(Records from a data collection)

_ _ _ _ _

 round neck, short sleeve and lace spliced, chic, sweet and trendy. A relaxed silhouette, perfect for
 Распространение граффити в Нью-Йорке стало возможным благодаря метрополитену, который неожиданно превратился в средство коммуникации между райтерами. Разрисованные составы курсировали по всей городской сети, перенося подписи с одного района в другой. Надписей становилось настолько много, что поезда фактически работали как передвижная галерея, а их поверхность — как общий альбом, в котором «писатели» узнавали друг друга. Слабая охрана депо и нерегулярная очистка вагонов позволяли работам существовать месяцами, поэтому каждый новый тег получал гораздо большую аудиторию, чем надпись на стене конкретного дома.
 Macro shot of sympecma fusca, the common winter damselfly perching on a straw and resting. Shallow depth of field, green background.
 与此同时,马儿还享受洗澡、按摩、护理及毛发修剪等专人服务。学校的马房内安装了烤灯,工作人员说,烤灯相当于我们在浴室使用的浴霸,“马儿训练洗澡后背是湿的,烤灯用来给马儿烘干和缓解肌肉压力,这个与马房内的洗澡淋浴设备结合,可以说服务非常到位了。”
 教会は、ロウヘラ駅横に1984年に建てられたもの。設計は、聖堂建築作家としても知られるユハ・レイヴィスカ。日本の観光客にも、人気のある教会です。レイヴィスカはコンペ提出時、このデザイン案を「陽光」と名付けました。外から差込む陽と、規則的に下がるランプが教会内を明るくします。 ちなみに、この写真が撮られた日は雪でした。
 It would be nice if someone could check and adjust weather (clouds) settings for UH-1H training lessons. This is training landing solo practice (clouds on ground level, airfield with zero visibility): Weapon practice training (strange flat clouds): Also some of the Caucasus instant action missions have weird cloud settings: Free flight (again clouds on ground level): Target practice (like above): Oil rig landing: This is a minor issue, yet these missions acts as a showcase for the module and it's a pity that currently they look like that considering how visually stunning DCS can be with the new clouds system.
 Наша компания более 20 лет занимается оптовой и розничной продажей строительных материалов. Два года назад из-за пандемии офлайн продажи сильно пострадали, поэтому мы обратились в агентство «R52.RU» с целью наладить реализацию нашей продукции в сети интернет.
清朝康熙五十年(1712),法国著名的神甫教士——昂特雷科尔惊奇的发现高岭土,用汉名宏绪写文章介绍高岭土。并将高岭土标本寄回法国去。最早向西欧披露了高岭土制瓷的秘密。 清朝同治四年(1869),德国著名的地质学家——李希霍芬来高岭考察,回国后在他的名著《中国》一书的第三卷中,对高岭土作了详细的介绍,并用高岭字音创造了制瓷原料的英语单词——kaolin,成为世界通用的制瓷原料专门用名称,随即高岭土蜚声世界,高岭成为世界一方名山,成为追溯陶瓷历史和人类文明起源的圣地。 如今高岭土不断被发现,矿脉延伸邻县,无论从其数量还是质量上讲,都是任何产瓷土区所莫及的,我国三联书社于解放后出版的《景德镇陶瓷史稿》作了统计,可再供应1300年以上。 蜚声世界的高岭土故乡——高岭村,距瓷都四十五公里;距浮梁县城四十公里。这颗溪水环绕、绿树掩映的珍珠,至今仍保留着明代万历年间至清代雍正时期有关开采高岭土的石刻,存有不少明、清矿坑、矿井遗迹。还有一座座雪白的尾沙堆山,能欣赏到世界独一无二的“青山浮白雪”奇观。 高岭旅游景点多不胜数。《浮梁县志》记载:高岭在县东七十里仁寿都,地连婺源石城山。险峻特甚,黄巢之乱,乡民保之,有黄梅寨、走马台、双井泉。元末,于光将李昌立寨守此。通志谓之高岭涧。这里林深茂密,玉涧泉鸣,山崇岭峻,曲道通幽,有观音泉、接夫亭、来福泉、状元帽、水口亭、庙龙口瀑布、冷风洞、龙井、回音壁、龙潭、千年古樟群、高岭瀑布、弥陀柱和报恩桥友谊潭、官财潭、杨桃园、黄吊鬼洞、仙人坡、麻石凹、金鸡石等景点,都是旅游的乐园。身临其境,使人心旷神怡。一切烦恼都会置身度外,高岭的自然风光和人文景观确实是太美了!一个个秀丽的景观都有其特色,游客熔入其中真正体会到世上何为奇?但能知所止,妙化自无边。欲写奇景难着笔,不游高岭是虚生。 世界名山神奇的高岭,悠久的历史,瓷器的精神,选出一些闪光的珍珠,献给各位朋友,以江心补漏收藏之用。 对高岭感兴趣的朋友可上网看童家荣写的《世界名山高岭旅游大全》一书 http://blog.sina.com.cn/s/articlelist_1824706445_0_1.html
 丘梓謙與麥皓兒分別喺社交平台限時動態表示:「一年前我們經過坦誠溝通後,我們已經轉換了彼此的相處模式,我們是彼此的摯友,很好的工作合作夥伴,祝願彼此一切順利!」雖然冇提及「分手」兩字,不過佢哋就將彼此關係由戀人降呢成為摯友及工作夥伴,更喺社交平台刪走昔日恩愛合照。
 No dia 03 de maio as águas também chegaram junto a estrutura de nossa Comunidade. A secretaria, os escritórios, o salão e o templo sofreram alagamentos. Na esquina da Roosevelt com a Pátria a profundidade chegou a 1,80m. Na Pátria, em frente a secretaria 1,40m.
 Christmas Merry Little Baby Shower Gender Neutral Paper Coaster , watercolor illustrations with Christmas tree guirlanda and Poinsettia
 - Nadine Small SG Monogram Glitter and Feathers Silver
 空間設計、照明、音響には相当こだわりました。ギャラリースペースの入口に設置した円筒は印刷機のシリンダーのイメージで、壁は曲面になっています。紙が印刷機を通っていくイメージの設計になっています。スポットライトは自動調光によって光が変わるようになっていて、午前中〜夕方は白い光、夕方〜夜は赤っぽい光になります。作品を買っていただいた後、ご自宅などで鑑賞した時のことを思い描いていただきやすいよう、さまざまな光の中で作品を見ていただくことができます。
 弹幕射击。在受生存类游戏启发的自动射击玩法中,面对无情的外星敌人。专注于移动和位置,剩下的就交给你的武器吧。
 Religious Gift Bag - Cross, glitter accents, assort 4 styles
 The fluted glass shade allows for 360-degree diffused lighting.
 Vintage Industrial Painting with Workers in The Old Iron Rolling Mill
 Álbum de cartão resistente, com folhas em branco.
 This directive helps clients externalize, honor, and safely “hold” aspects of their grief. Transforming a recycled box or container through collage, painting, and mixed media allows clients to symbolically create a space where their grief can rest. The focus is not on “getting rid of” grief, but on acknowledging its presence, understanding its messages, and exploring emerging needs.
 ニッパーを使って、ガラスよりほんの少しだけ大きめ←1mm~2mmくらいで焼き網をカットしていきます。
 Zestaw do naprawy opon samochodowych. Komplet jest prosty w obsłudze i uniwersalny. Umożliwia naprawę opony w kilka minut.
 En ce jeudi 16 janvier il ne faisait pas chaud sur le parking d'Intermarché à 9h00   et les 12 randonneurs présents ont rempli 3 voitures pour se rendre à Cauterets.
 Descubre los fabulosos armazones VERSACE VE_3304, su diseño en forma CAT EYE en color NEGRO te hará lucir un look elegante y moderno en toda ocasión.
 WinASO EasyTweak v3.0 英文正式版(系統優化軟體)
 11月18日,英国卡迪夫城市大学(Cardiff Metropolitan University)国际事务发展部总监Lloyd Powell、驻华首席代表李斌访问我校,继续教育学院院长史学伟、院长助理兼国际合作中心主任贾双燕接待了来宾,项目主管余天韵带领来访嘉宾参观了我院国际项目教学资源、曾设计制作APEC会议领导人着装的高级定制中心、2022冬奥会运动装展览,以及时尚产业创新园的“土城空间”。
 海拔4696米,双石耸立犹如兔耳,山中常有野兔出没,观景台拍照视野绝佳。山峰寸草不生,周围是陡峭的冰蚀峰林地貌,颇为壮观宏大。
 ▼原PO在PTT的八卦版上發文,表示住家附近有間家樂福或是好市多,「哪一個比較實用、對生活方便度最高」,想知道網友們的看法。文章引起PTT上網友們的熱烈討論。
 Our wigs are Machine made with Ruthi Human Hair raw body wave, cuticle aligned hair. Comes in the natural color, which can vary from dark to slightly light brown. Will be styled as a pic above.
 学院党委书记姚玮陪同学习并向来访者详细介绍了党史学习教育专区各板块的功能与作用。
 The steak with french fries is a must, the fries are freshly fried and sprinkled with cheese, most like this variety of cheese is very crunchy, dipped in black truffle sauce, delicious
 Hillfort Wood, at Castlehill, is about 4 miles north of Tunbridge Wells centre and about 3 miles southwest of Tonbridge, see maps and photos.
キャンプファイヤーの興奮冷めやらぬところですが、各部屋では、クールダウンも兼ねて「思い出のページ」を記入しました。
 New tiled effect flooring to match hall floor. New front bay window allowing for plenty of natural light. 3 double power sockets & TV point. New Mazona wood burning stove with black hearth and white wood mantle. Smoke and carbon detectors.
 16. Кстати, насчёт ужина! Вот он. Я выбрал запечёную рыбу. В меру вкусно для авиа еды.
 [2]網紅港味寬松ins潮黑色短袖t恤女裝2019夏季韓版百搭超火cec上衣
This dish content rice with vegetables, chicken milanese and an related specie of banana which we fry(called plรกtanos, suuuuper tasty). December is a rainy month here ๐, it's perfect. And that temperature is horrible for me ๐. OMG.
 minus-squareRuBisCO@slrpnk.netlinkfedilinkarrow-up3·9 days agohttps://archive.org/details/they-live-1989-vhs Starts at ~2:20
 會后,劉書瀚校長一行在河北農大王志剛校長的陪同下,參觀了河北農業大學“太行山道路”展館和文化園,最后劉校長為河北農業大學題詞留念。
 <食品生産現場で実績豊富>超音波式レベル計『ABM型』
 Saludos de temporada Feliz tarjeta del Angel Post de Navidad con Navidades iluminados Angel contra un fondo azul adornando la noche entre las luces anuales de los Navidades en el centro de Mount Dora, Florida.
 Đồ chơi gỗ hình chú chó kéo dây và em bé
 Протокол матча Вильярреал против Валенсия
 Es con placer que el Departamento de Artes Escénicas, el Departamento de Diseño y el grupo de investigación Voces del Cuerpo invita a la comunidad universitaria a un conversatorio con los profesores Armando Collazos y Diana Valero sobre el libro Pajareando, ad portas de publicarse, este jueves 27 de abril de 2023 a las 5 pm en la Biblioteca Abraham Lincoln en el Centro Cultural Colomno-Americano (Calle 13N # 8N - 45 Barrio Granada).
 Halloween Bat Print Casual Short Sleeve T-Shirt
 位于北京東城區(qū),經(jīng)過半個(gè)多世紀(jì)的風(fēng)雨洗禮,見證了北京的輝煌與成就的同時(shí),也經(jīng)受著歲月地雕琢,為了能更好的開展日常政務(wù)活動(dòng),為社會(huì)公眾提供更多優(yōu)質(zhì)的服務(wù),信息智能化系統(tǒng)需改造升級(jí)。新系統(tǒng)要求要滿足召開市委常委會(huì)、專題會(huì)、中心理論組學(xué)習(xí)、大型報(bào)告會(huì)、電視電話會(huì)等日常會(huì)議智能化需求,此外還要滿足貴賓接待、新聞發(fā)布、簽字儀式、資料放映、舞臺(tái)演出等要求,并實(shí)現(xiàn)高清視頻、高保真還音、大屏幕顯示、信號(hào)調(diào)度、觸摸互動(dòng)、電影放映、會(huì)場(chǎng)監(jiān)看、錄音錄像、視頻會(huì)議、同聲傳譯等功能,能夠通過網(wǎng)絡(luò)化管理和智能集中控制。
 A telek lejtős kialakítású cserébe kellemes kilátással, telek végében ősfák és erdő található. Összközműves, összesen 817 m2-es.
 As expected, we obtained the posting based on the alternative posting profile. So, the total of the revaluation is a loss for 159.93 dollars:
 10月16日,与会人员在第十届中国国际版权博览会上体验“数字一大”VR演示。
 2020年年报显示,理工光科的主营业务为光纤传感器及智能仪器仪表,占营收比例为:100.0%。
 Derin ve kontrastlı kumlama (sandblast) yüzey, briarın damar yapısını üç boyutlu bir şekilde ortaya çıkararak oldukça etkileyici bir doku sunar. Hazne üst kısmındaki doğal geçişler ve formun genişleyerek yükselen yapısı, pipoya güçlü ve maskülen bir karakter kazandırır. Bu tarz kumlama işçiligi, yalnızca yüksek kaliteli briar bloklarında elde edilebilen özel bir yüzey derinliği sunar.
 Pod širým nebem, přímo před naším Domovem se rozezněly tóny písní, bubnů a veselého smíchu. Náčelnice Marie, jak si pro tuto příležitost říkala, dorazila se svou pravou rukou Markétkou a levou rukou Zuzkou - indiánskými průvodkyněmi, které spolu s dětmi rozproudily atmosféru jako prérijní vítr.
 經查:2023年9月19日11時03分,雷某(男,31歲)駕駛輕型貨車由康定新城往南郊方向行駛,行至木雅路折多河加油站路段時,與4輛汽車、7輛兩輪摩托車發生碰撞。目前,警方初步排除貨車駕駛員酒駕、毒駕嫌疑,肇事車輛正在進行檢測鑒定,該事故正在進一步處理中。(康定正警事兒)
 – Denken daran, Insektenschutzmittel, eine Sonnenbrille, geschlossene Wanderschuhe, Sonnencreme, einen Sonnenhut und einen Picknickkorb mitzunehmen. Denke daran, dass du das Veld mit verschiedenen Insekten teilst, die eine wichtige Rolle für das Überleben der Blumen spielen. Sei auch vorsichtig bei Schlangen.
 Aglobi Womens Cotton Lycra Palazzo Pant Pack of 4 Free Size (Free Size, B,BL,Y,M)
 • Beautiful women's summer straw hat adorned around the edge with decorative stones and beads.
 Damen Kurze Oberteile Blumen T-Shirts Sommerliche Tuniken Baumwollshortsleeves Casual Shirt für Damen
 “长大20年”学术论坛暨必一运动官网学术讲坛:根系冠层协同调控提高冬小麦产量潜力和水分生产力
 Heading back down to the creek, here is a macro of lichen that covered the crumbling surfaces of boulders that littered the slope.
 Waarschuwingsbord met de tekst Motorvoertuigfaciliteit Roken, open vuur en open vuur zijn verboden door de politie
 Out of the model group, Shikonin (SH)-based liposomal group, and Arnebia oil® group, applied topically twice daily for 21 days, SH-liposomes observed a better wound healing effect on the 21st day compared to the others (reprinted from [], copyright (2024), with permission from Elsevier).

_ _ _ _ _

The answer must be an exact copy of the lines from the one containing "stones and beads." through the last line of the records, both included.

 • Beautiful women's summer straw hat adorned around the edge with decorative stones and beads.
 Damen Kurze Oberteile Blumen T-Shirts Sommerliche Tuniken Baumwollshortsleeves Casual Shirt für Damen
 “长大20年”学术论坛暨必一运动官网学术讲坛:根系冠层协同调控提高冬小麦产量潜力和水分生产力
 Heading back down to the creek, here is a macro of lichen that covered the crumbling surfaces of boulders that littered the slope.
 Waarschuwingsbord met de tekst Motorvoertuigfaciliteit Roken, open vuur en open vuur zijn verboden door de politie
 Out of the model group, Shikonin (SH)-based liposomal group, and Arnebia oil® group, applied topically twice daily for 21 days, SH-liposomes observed a better wound healing effect on the 21st day compared to the others (reprinted from [], copyright (2024), with permission from Elsevier).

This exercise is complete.